All You Need Is Love
The End of the Beatles
Peter Brown and Steven Gaines
Octopus
Review: Lauren O’Connor-May
Don’t pick up this book unless you are a Beatles uberfan and already have an encyclopedic knowledge of the band.
If not, you would be lost because the book, a collection of previously unpublished transcripts of interviews with three of the Beatles and the people closest to them, including Yoko Ono, presupposes that you already know the basics about them and some of the more intimate details of their lives.
Peter Brown and Steven Gaines did the interviews and used a fraction of it for their book The Love You Make, which was published in 1983.
The rest of the recordings were locked in a bank vault and resurrected for this 40-year-later sequel.
All the interviews were done before John Lennon was murdered so the prospect of reading this long-hidden raw material sounded far more exciting than it actually turned out to be.
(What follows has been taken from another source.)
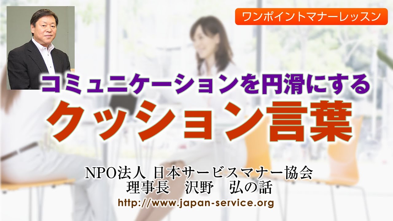 コミュニケーションを円滑にするクッション言葉-日本サービスマナー協会理事長 沢野弘日本サービスマナー協会youtube動画「コミュニケーションを円滑にするクッション言葉-日本サービスマナー協会理事長 沢野弘」みなさんはクッション言葉というのはおわかりでしょうか。おそれいりますが、申し訳ありませんが、失礼ですが、差し支えなければ、お手数ですが、など様々な状況で相手の人への伝わり方を和らげる言葉を...youtu.be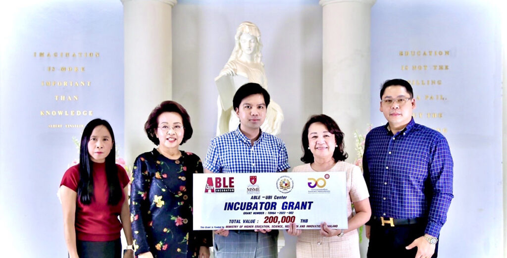 12 ก.ย. – ศูนย์บ่มเพาะวิสาหกิจ มหาวิทยาลัยอัสสัมชัญ (ABLE-UBI Center) ร่วมกับกระทรวงการอุดมศึกษา วิทยาศาสตร์ วิจัยและนวัตกรรม (อว.) มอบรางวัลให้แก่ผู้ชนะเลิศในโครงการบ่มเพาะผู้ประกอบการสำหรับธุรกิจสตาร์ทอัพ โดยมีวัตถุประสงค์เพื่อสนับสนุนการริเริ่มธุรกิจสตาร์ทอัพ และส่งเสริมการคิดค้นและนำนวัตกรรมมาใช้ในอุตสาหกรรมที่หลากหลาย

I am a huge Beatles fan and have watched many documentaries and read maybe half a dozen books about the band but I found this book very dull.
One has to sift through the padding for the good bits and because, as the cover boasts, the transcripts are “unvarnished”, there are lots of ums and ohs and random breaks when I can only assume the speaker – who may well have been high – lost their train of thought or changed their mind about what they were going to say. That’s not exactly riveting stuff.
The book’s most interesting parts, for me, were the introduction and afterword, which summed up the interviewee’s sentiments and tries to give the mysterious answer to the question: “Why did the Beatles break up?”
Perhaps the book would be better in an audio format, but I didn’t find it enjoyable.